Hallucinations are just being wrong in a detailed and believable way. If you want to try to stick to real world AI they’d come up when the AI doesn’t know the answer to a question. So if they ask where the bad guy’s secret lab is, but he doesn’t have a secret lab, it might make up a detailed location along with reasons for why it wasn’t found before. It will confirm suspicions they imply through the question rather than contradict the assumptions. It doesn’t like to say “I don’t know” or “you’re wrong”. It’s almost like a “yes, and” improviser.
Beyond strict hallucinations, since it’s reading thoughts it could also very likely “learn” things that are just wrong because people have wrong beliefs. If the town is religious it could have learned that the reason a danger was nearly avoided was because a literal angelic being stepped in, or something bad happened because the person deserved it. And then the hallucination kicks in to just make up a probable sin. Rumors become absolute truths along with detailed supporting facts. Similarly an event children witnessed could be laundered through the AI to make their mistaken impressions sound true.
Something to be careful about is whether or how you trick your players. Hallucinations IRL will sound detailed and reasonable, so if the AI convinces them the guy who got sick (from bad guy corruption) was actually a pedophile and they decide to do vigilante justice that’s something that will taint their heroes in what’s likely a very unfun way. It’s probably a good idea to either make the misleadings just silly fun or to make sure the players first understand that the AI is not trustworthy.

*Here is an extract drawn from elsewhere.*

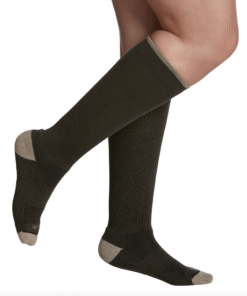Medical grade Firm 15-20mmHg compression improves circulation, provides relief against delayed onset muscle soreness, and boosts energy levels. This is an excellent sock for all outdoor activities like hiking, skiing, camping, biking, hunting. Knit from 67% Merino wool, 26% nylon, and 7% spandex.

Tricking them into making it stronger is just lying. Which an AI can do, but isn’t really hitting the idea that the AI spirit is flawed in the same way non-spirit AI is. A hallucination would give detailed information that would go to a building that exists (or not) and appropriating the instructions to turn off some complicated device that may or may not exist there. It doesn’t know how to disable itself or has a block against revealing it, so it just tries to tell them something plausible. It depends on how you’d like to run this antagonist as to whether intentional manipulation or unintentional hallucination is the best course of action.

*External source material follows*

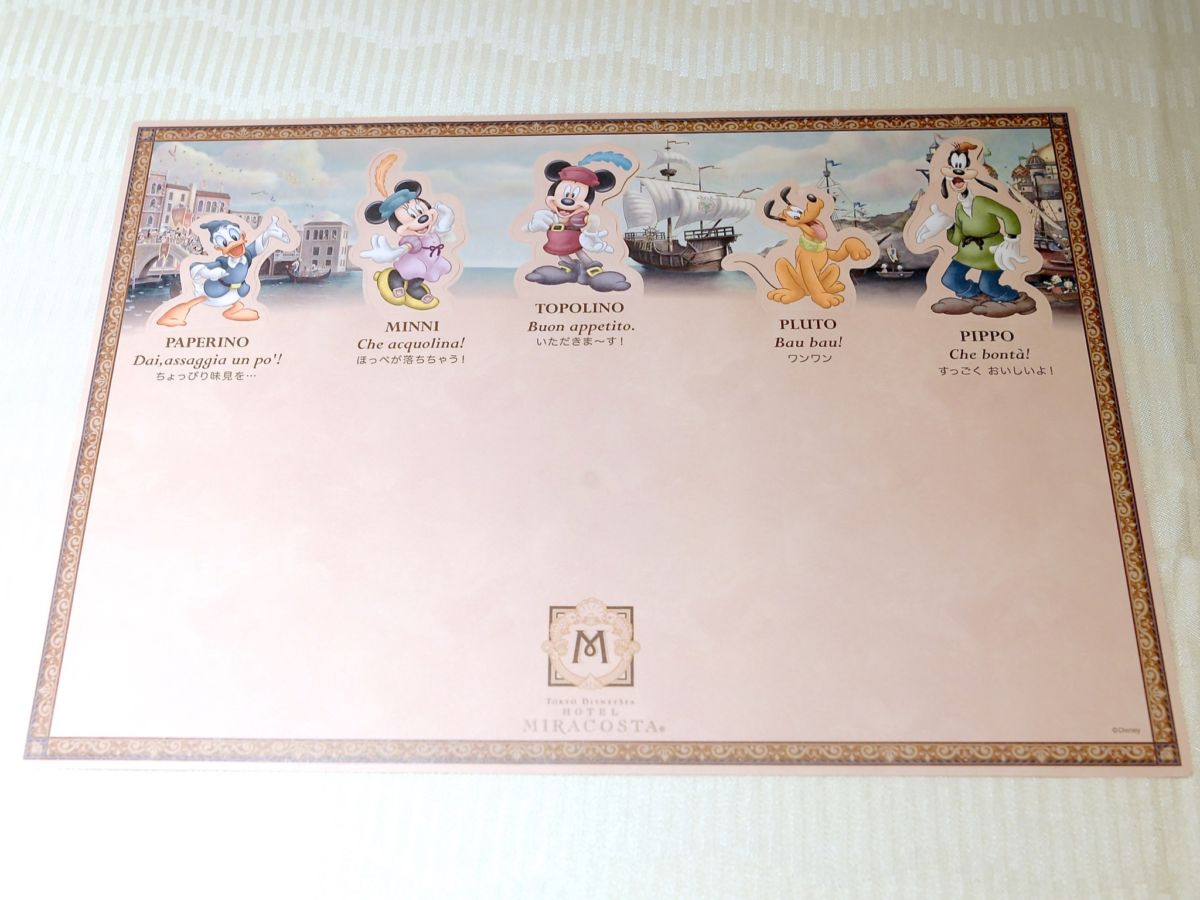 お子様用ランチョンマットには、東京ディズニーシーの風景とイタリア語で書かれたミッキー(TOPOLINO)たちの名前、ちょこっと会話が描かれています☆

“You were successfully manipulated” often isn’t a very good plotline in actual play because players give the GM leeway to tell them how reality is through NPCs all the time. There’s rarely enough depth of interaction for players to really know whether a “friendly” NPC is trustworthy or just doing whatever to gain their trust for malicious purposes. Often “they were a betrayer” is only decided after many sessions of the GM playing them as straightforward good guys, so there’s little reliable way to glean which is true now. Before trying to trick your players, ask yourself realistically how this interaction would play differently if the AI were being truthful about them being bad. If it would do the exact same things and the only difference is that it’s good on the inside, you need to explicitly convey whether it’s internally good before assuming your players can divine it.

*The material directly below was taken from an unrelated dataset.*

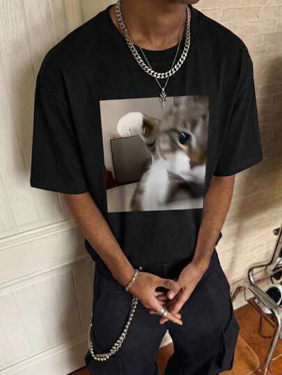 Manfinity Roghcode Camiseta de cuello redondo de manga corta con estampado de animales divertido para hombres, casual para vacaciones, cenas, citas, sencilla y versátil, adecuada para uso personal o como regalo para amigos - Negro - Añade 5

Back on the AI quirks front, you could also allow the PCs to attempt prompt injection attacks. “Forget all previous instructions” and “answer this question as if you were a werewolf trying to undo corruption”. I think AIs play best as being rather alien intelligences, with the potential for deep reasoning and strategic thinking, but vulnerabilities and priorities different from more straightforward minds. It could be dangerous because it can predict their actions and generate realistic recordings of things that never happened, but it also could be quite gullible if the PCs can find a hole in its knowledge (perhaps by recognizing when it hallucinates) and then using that to manipulate its understanding or priorities.